The features exposed here are still a work in progress.

The hierarchical Gaussian filter is built on top of a generative model that is governed by Gaussian random walks, which is best used to model the time-resolved evolution of beliefs in volatile environments. But the framework can easily extend to traditional applications of predictive coding, such as deep neural networks, where the variational message passing replaces the use of iterative gradient descent during inference.

In this notebook, we show that the prospective configuration in predictive coding networks can be performed by one-shot variational updates, removing the need for gradient descent over the energy function, while learning expected precision in the hidden layers, which is often fixed in other approaches. We illustrate this with the “bear example” from [Song et al., 2024] and on a classification task with deep networks.

https://media.springernature.com/full/springer-static/image/art%3A10.1038%2Fs41593-023-01514-1/MediaObjects/41593_2023_1514_Fig1_HTML.png?as=webp

Fig. 4 Learning with prospective configuration.#

Learning in deep networks#

Prospective configuration#

In standard backpropagation, weights are updated using gradients computed from a fixed forward pass. The network’s activations are “frozen” while the error signal propagates backward. Prospective configuration [Song et al., 2024] takes a different approach: before any weight change, the network first infers the most likely activations at every layer by settling prediction errors across the whole hierarchy. Only once this inference step has converged are the weights updated. This two-phase process (infer activations, then update weights) prevents the catastrophic interference that arises when a local weight change inadvertently distorts representations elsewhere in the network.
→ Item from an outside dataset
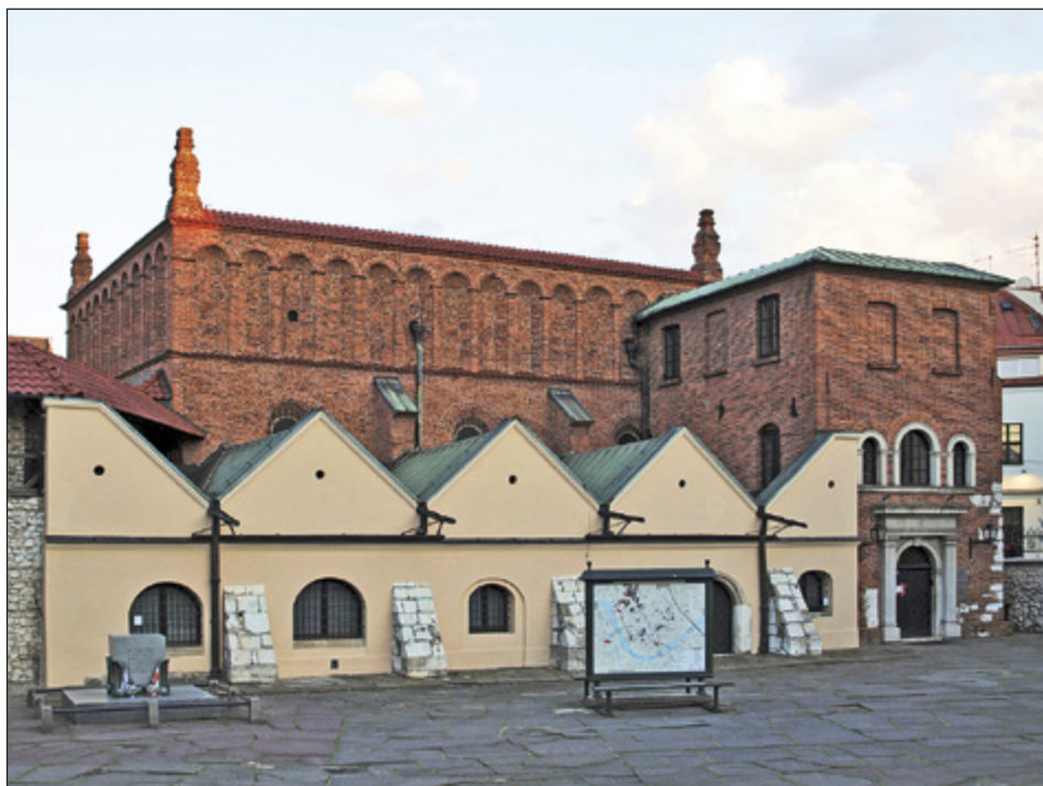
Il. 4. KRAKÓW, Stara Synagoga, fasada od strony północnej, fot. P. Knapik

na odtworzenie starego, ponieważ było to prostsze rozwiązanie. Niezależnie od tego w trzeciej ćwierci XVI wieku taka dyspozycja przestrzenna była już archaiczna, bowiem najprawdopodobniej w tym samym czasie w bożnicach Maharszalszul w Lublinie (1567, niezachowana) i w Brześciu Litewskim (1568, niezachowana) wykształcił się nowy typ, w którym sklepienie podparto czterema centralnie ulokowanymi kolumnami wydzielającymi jednocześnie bime; rozwiązanie to od końca XVI wieku stało się niezwykle popularne w całej Rzeczypospolitej 59 . Co więcej, podczas odbudowy Starej Synagogi nie tylko odtworzono stary układ przestrzennej sali głównej, ale też zdecydowano się nakryć ją gotyckim sklepieniem. Trudno się zgodzić z Rodovem, że nie było to niczym niezwykłym 60 , tym bardziej, że przytoczona przez niego analogia w kościele św. Katarzyny w Augsburgu, wcześniejszym o pół wieku, nie jest trafna. Renesansowe sklepienia były już od drugiej ćwierci XVI wieku z powodzeniem stosowane w Polsce we wznoszonych wtedy wielkich kościołach Mazowsza, takich jak np. katedra w Płocku

In pyhgf, this is implemented naturally through the belief propagation cycle. At each observation:

  1. Prediction: predictors (\(x\)) are provided in the leaf nodes. Each node generates a top-down prediction for its children via a nonlinear coupling function \(g(\cdot)\).

  2. Observation & prediction errors: the observed values (\(y\)) are compared with predictions, and precision-weighted prediction errors propagate upward through the hierarchy.

  3. Posterior update: node activations (means and precisions) are updated to minimise free energy, settling the network into a new equilibrium. This is comparable to the prospective configuration step.

  4. Weight update: only after the activations have settled are the coupling strengths (weights) adjusted using the prediction errors and the inferred activations.

We illustrate this using the “bear” example network from Song et al. [2024].

# here x represents the visual input (River / No River)
x = np.array([1.0, 1.0] * 120)
x += np.random.normal(size=x.shape) / 100

# y represents the auditory and olfactory stimuli
y = np.array([
    x,
    np.concat([
        np.array([1.0, 1.0] * 40),
        np.array([-1.0, -1.0] * 40),
        np.array([1.0, 1.0] * 40),
    ])
    + np.random.normal(size=x.shape) / 100,
]).T
# We start by defining a simple network with two branches
network = (
    Network(update_type="unbounded")
    .add_nodes(n_nodes=2, precision=2.0, expected_precision=2.0)
    .add_nodes(
        kind="volatile-state",
        value_children=[0, 1],
        autoconnection_strength=0,
        tonic_volatility=-4.0,
        coupling_fn=(jnp.tanh, jnp.tanh),
    )
    .add_nodes(
        value_children=2,
        autoconnection_strength=0,
        coupling_fn=(jnp.tanh,),
        precision=2.0,
        expected_precision=2.0,
    )
)
network.plot_network()
../_images/071d38088da92cd0df86766e888c4279c215ce522f133366f3797926d6ec1788.svg

Deep networks trained for classification purposes differ from other predictive coding networks as both roots and leaves should receive inputs (predictors and outcomes, respectively).

network.fit(
    x=x,
    y=y,
    inputs_x_idxs=(3,),
    inputs_y_idxs=(0, 1),
    lr="dynamic",
    record_trajectories=True,
    optimizer=None,
);

Hide code cell source

_, axs = plt.subplots(figsize=(9, 5), nrows=3, sharey=True, sharex=True)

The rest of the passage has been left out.